Communication studies professor Matt Soar characterized the weekend Database|Narrative|Archive (D|N|A) Symposium hosted at Concordia as a “smashing success,” in no small part because it raised more questions than it answered.
The format of the symposium encouraged questions from the 70 or so researchers from across North America, Europe and Australia who shared an interest in documentary and experimental filmmaking.
Soar coordinated the symposium with colleague Monika Kin Gagnon, both of whom are interested in emerging practices in new media that challenge traditional notions of storytelling and archiving practices with the proliferation of digital tools allowing interaction or audience-direction through multiple, simultaneous narrative threads.

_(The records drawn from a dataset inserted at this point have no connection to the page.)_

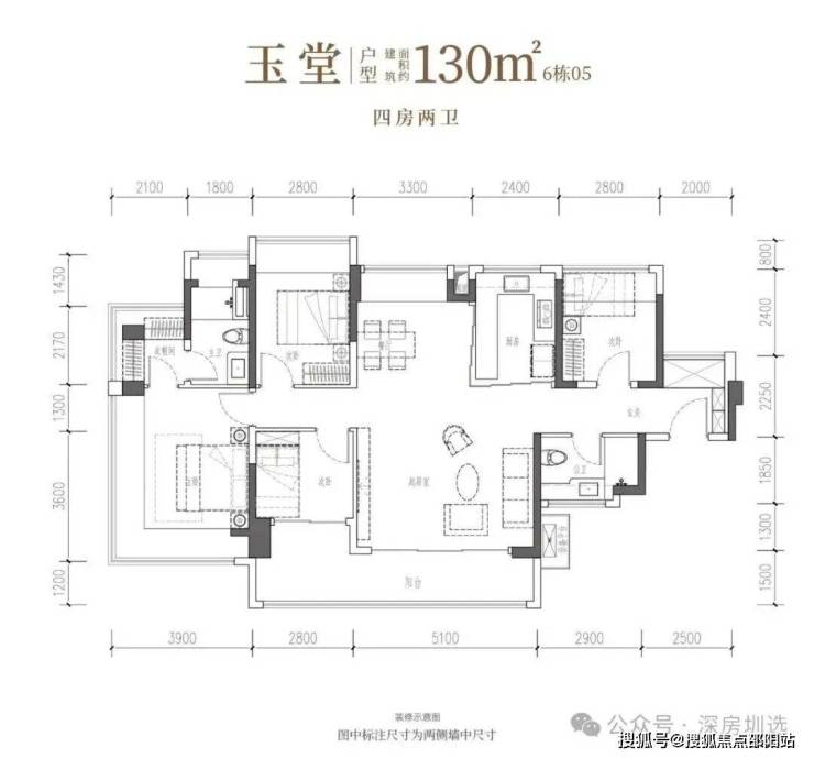 •玉堂·建面约130㎡4房2厅2卫:南向四开间,约14.7米IMAX光幕,尺度自成
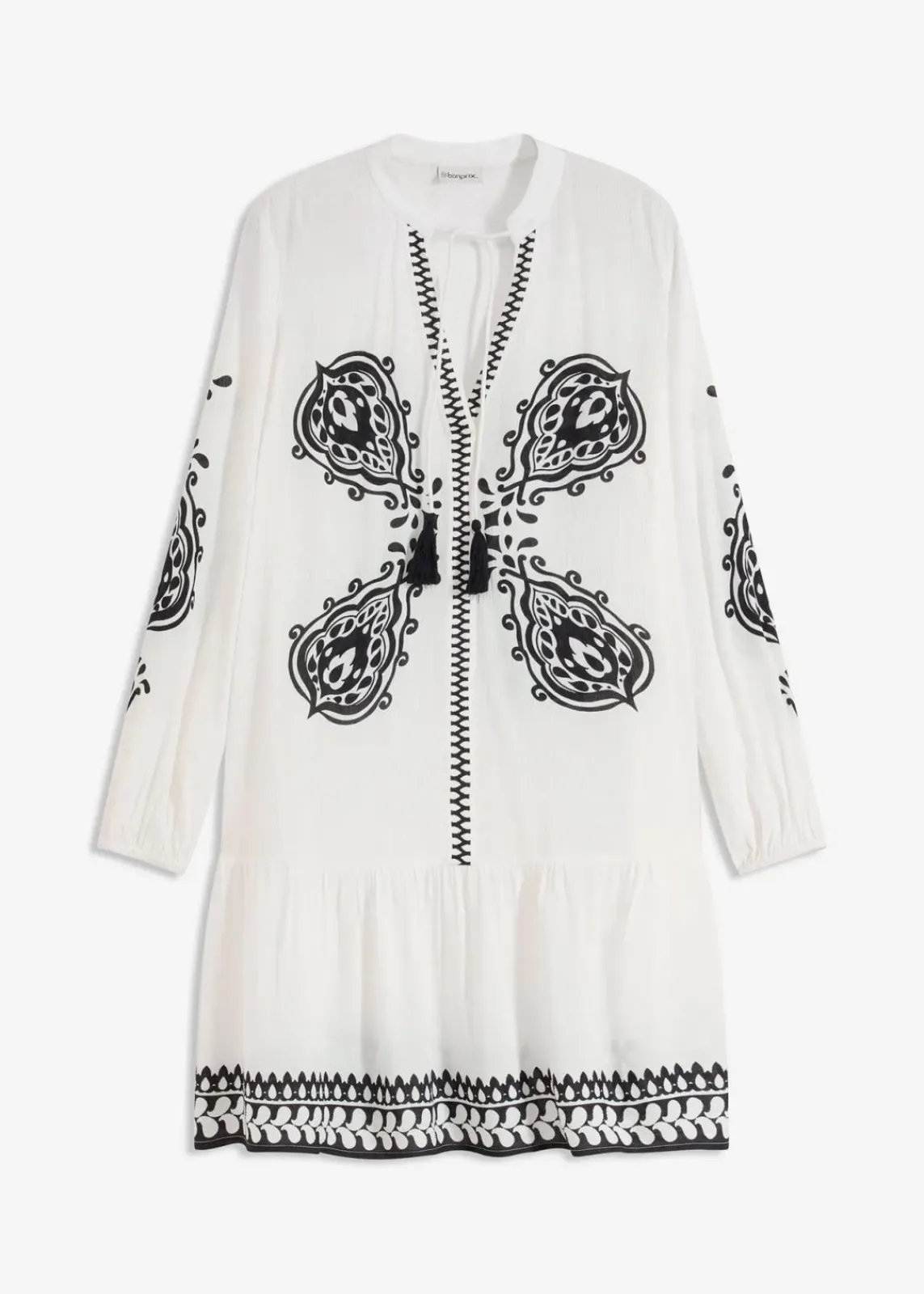 sommerliches Tunika-Kleid aus strukturierter Viskose mit Binde-Details vorne am Ausschnitt und angesetztem Volant am Rocksaum
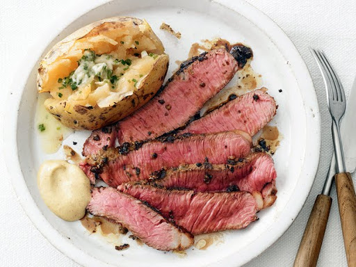 Herb-and-Mustard Sirloin With Baked Potatoes
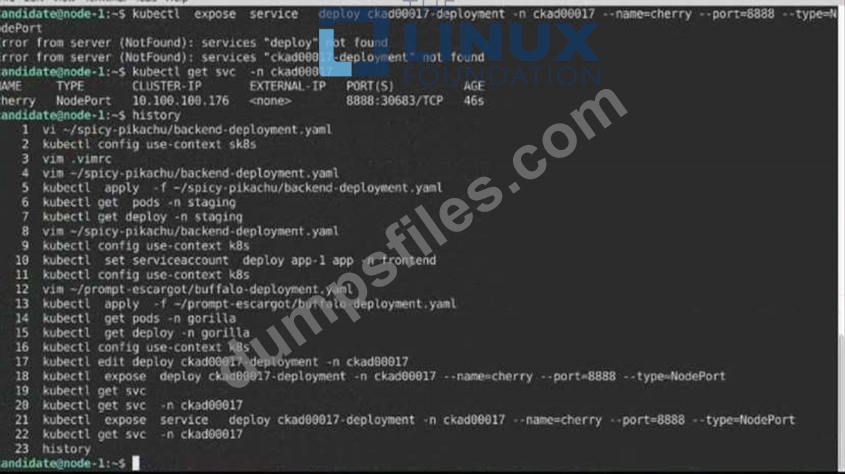 2) Next, Create a NodePort Service named cherry in the ckad00017 nmespace exposing the ckad00017-deployment Deployment on TCP port 8888
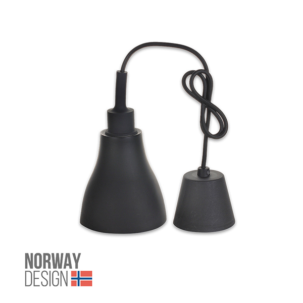 Pendel-Kit zur Verwendung als Deckenleuchte Es besteht aus einer Deckenrosette aus Kunststoff, rundem Kabel mit Textilummantelung, Lampenfassung Standard E-27 und Silikongehäuse. Alles in schwarzer Farbe.

In contrast to traditional, 20-minute conference talks intended to demonstrate the knowledge and research rigour of each speaker, the symposium began with each participant presenting their preoccupations in five-minute lightning talks, ending with a question. The format led to “dozens of fragments of conversations and exchanged business cards,” says Soar.

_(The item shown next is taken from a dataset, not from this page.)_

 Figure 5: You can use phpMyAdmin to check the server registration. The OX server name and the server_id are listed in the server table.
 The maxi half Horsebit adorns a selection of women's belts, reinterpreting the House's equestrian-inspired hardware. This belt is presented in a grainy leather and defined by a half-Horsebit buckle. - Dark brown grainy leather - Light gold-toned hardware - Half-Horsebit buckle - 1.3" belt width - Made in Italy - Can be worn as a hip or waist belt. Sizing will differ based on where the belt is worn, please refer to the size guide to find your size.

The potential for new ways of telling stories was evidenced at a cabaret hosted by part-time communication studies professor Dayna McLeod. The evening began with Toronto-based director Katerina Cizek demonstrating her prize-winning Out My Window, part of the National Film Board’s HIGHRISE project.

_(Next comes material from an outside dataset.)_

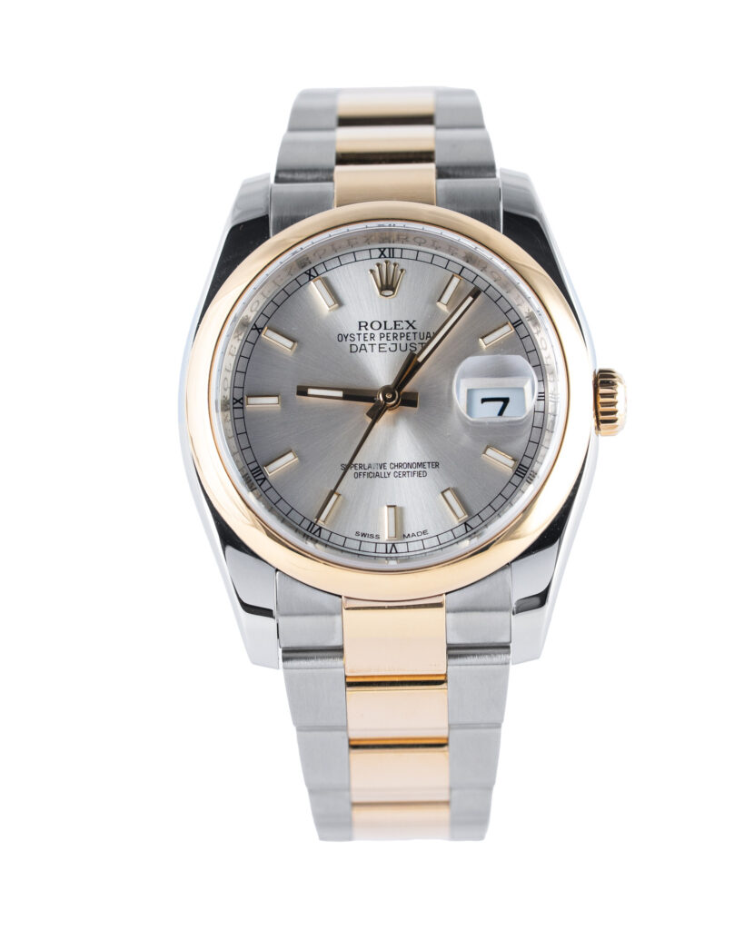 Make: Rolex Reference: 116203 Model: Datejust Case: Steel & Yellow Gold Bracelet: Bracelet Size: 36mm Dial colour: Grey Bezel: Steel Year: 01/2014 Condition: Excellent Box papers : Paperwork/box
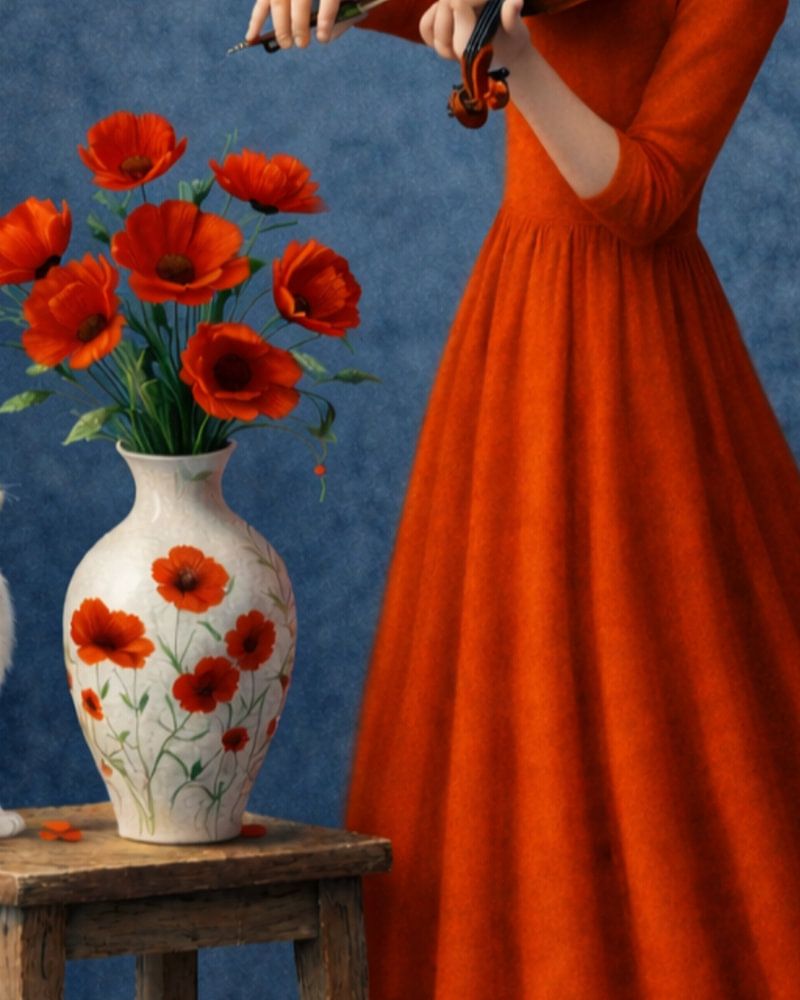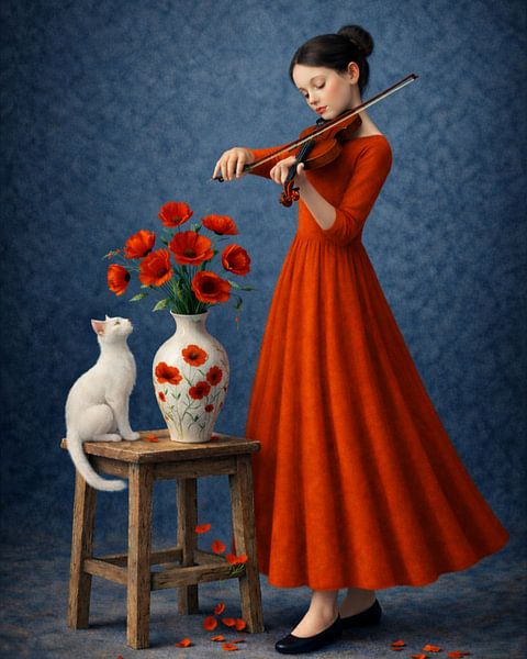 Ze streelt de stilte met zachte handen, elke noot een tedere pijn. Maar tussen gevallen bloemblaadjes en langere schaduwen een zwak licht opkomen— de toekomst zacht ademend door haar ononderbroken lied.

Cizek moused over an interactive website that documents the apartment-living experiences of over a dozen people around the world with photos, short videos, interviews and music.
The website allows viewers to select, piece together and design their own narrative from the connected but broad-ranging material presented. Each audience member can simply look at a photo gallery of images of different apartments, or seek out information on housing options and conditions in the different cities (ranging from Montreal to São Paulo to Bangalore).
These types of interactive experiences led participants to pose questions about the role of authorship and information-gathering in the digital age. “We started to ask ‘What is our D|N|A?’ as a shorthand for a set of implied interests and possibilities,” says Soar.
The symposium website reflected the issues raised with ongoing blog entries and tweets, along with images, presentations, video clips and demonstrations taken directly from the sessions.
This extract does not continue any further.